Но сегодня была весна. И какое ей было дело до дворника! Весна, весна гнала ее из душной, враждебной к ней квартиры. Там, на ступеньках перехода, получит она свою милостыню. С трудом надев ботиночки, подаренные новыми жильцами, держась за кровать, помогая себе палкой, мелкими шажками подбежала она к своей двери. Ухватив холодную медную ручку, уже запыхавшись, охая и ахая, она толкнула дверь в темноту коридора. Наташке Г. было тяжело. Она протянула сморщенную руку в темноту, нащупав стену. В углу глухим звяканьем задребезжал старый телефон.
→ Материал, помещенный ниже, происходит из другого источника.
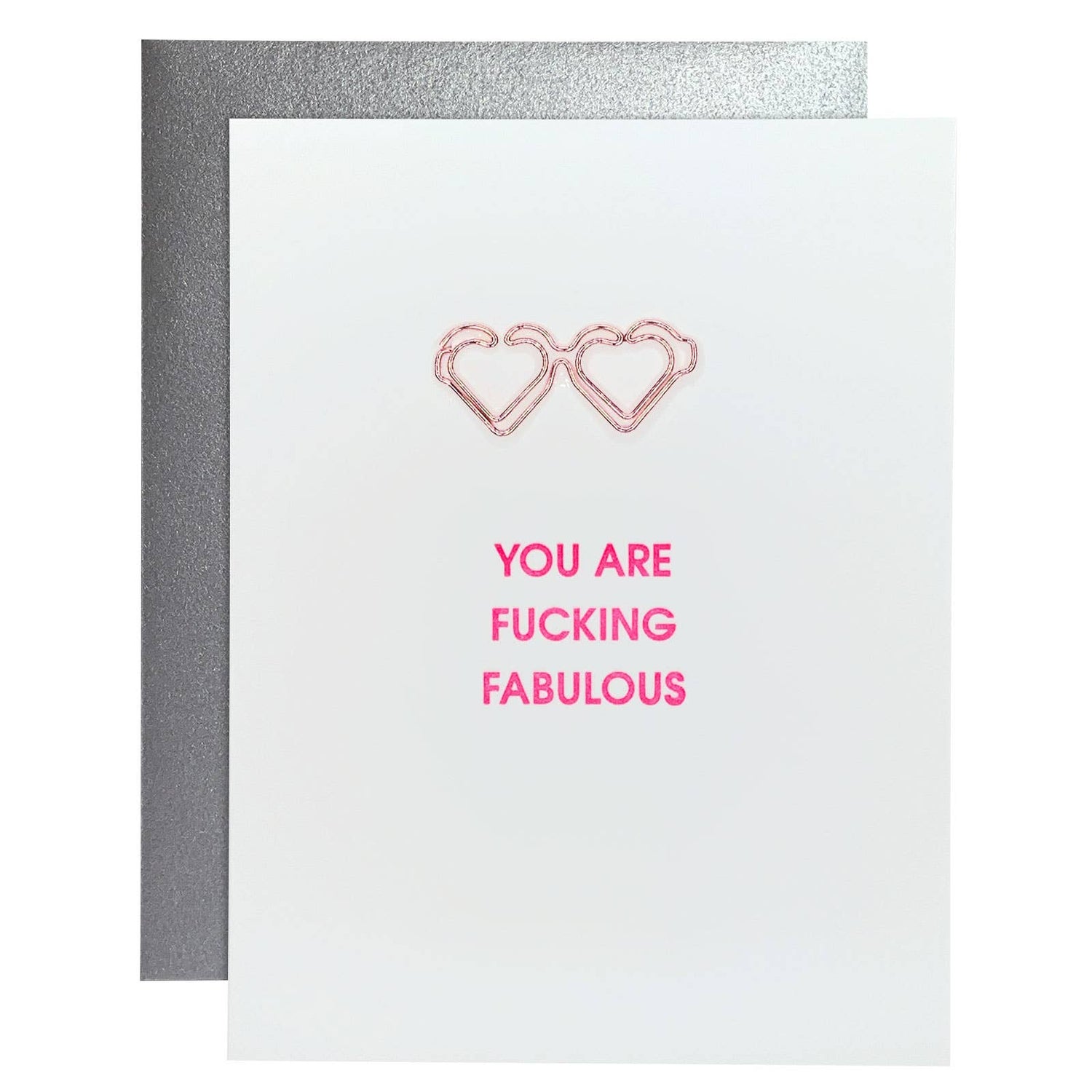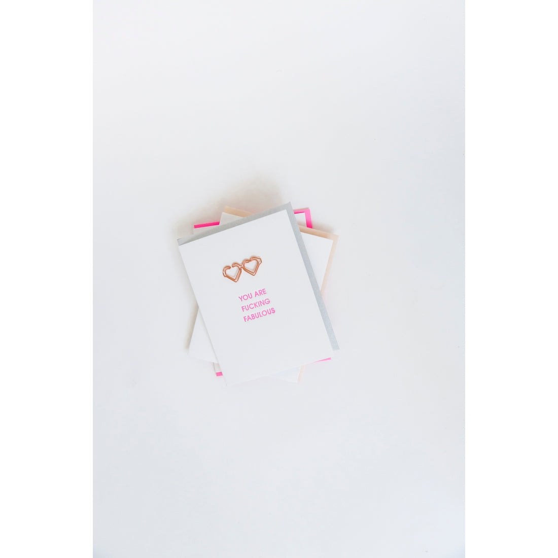 Our Fucking Fabulous card is letterpress printed on a vintage printing press. Card includes a heavy duty heart-shaped sunnies paper clip.

— Ох, проклятый, испугал! Кого тебе надобно? Никого дома нет. Все ушли… на фронт, — Наталья, похожая на Бабу Ягу, опираясь о клюку, засеменила к выходу.
— Иди, блядь такая, шевелись! — подстегивала она себя.
Дверь была открыта. Двое мужчин у окна пили кофе и курили. Заслышав в дверях возню, они замолчали, ожидая появления соседки.
— Здравствуйте! — пропела она сладким голосом в ответ на приветствие соседей. — Пойду прогуляюсь немножко, проветрюсь.
— Да… — сказал один из них, нервно глядя на чудо коммуналки. — Проветриться не мешает!
Она услышала в пожелании двойной смысл и, оценив его, мелко хихикая, стала быстро перебирать ногами ступеньки парадной.
— Какая она противная, — передернуло курившего. — Вчера, похоже, стырила у меня со сковороды рыбу.
— Да ты что?
— Да! Чужие, вонючие руки в сковороде… Бр… Выкинул все, что приготовил. Сейчас-то еще ничего, а вот в прошлом году от нее так несло! Я из кухни уходил, когда она выползала греться. Потом родственники ее увезли, помыли да обратно сюда кинули.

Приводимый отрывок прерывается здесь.